Cardboard Citizens announces most ambitious season to date
Theatre company Cardboard Citizens has announced nine new plays exploring the housing crisis.
The ambitious season of new work from the company, which makes theatre with and for homeless people, will run at the Bunker in London, from April 17 to May 13.
Presented in an immersive format, the nine plays, running under the banner Home Truths, will look back at the history of UK housing and will be split into three cycles.
Audiences can choose to see each cycle as a stand-alone production or they can watch all nine plays in one go.
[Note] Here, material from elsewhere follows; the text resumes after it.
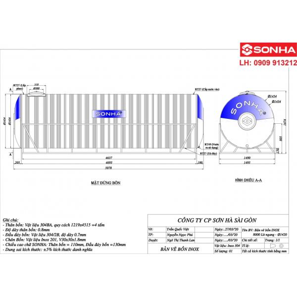Kích thước bồn nước inox 8000L Sơn Hà ngang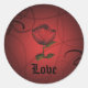 Une belle rose rouge sur un arrière - plan rouge foncé et le mot "amour" sur ces autocollants gothiques.

Playwrights who have written work for the new season include Sonali Bhattacharyya, Lin Coghlan and EV Crowe.
The productions will be individually directed by artistic director and chief executive of Cardboard Citizens, Adrian Jackson, and Caitlin McLeod, who has directed shows at West Yorkshire Playhouse and Hampstead Theatre.
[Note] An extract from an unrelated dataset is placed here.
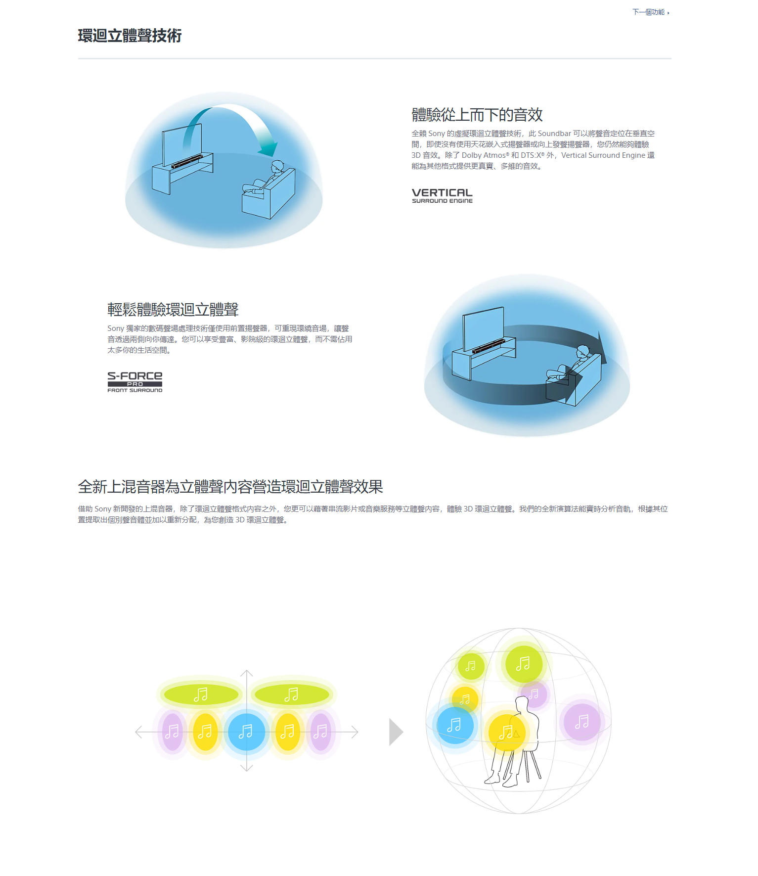 可帶來 3D 環迴立體聲體驗,即使是播放電視劇和串流音樂等立體聲內容亦然。

Jackson said: “My hope is that Home Truths will offer, through the kaleidoscope of history, a glimpse of what is happening now.
“This season of short plays will, by reference to notable historical events and periods, give our audience a fresh perspective on what is happening now, in the phenomenon commonly known as ‘the housing crisis’.
“And perhaps the plays will give us some glimpse of how we might find our way out of this mess.”
Cardboard Citizens is also to take its forum theatre production Cathy, a version of Ken Loach’s film Cathy Come Home, to the House of Lords this month.
The special performance will be used to present ‘Cathy laws’, suggestions for legislative changes to support homeless people that have been made at the end of every performance of Cathy by audience members.
As with all Cardboard Citizens productions, a proportion of tickets for Home Truths will be made available to homeless audiences at £1.
Design for Home Truths is by James Turner, lighting is by Elliot Griggs, sound and composition by Lewis Gibson and Tom Parkinson, and costume is by Holly Henshaw. Casting is still to be announced.